As with most designers I know, music is massive for me. I would have loved to have been a musician, but I just wasn’t blessed with those abilities. Anyone who has ever heard me sing will adamantly agree. It’s not that I’m tone-deaf—I can definitely hear that I sound ridiculous—I just can’t get my voice to go there. Couldn’t really cut it on the guitar either. Instead, I view design as my outlet for creating music. When I’m visualizing a concept, I associate it with a particular musical genre. Every one of my designs has a soundtrack. This helps me to cultivate a diversity of style.

Architecture is another ongoing stimulus in my process, especially when creating logos or letterforms. The playful geometrics of Frank Lloyd Wright and the crisp, long lines of Richard Neutra have been influencers for some of my favorite projects, and will maybe motivate the home I dream of building someday. Hopefully.

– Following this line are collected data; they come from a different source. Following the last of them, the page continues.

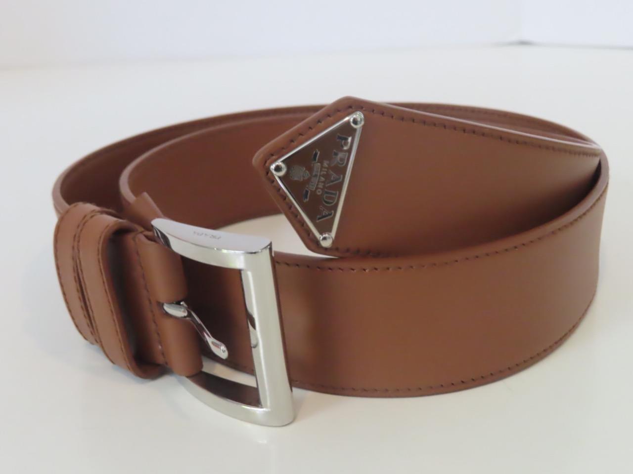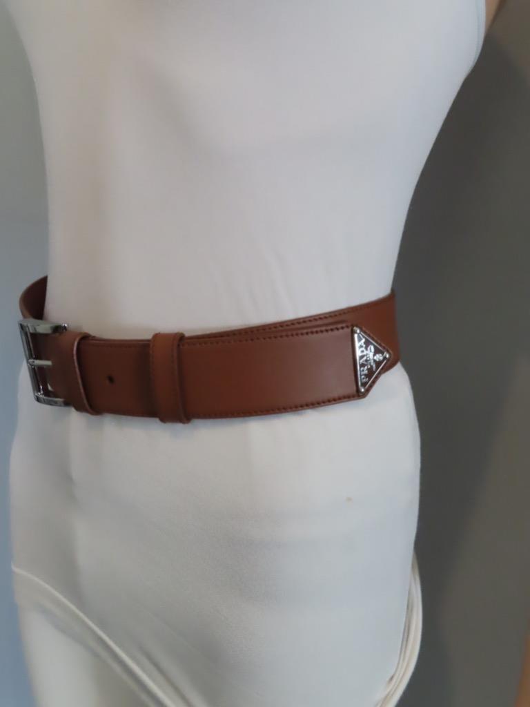 как выглядит PRADA Brown Leather Enamel Logo Belt Size 75/30 фото
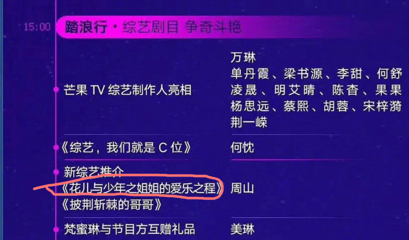 嗚哇!真的是活久見了啊!在芒果TV最新的招商大會上, 官宣了《乘風破浪的姐姐》第一個團綜,那就是《姐姐們的愛樂之程》!而在分派給媒體的行程表上,這個節目的完整名稱是《花兒與少年之姐姐們的愛樂之程》!!
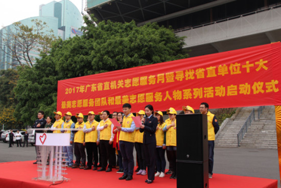 為宣傳志愿服務先進典型,用身邊榜樣引領志愿文化,2017年3月5日上午,省直機關工委、省文明辦、省紅十字會在廣州天河體育中心西南廣場舉行省直機關志愿服務月活動暨尋找省直單位十大最美志愿團隊和最美志愿服務人物活動啟動儀式。省局團委組織青年志愿者積極參加現場志愿服務活動。
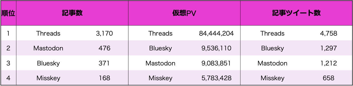 - Threadsが圧倒的1位。2位との差は記事数で6.6倍、PVで8.9倍、記事ツイートで3.7倍
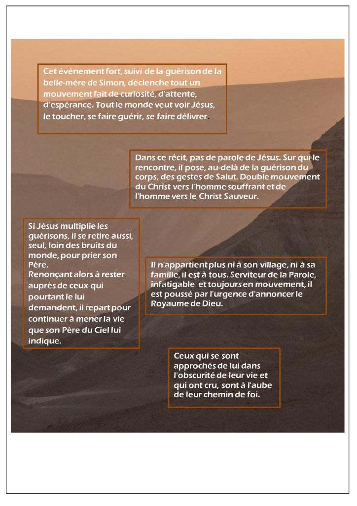 Le lendemain, Jésus se leva, bien avant l’aube. Il sortit et se rendit dans un endroit désert,et là il priait. Simon et ceux qui étaient avec lui partirent à sa recherche. Ils le trouvent et lui disent :« Tout le monde te cherche. »Jésus leur dit :« Allons ailleurs, dans les villages voisins, afin que là aussi je proclame l’Évangile ;car c’est pour cela que je suis sorti. »

Interactions with everyday objects can bring about sparks of ideas as well. I find that great design and bad design alike can be inspiring. Great industrial design, especially items created by the quintessential (and often-cited) Eames and Dieter Rams of Braun, go without saying. However, bad design triggers a different kind of emotional response—there is a fervent desire to make it better. This can be equally or even more inspiring than the great.

Create art that creates. I don’t know any artist who wouldn’t admit that they are standing on the shoulders of other artists. Whether you are a musician, painter, architect, graphic designer, filmmaker, writer—think about who is or will be looking to you for their creative inspiration.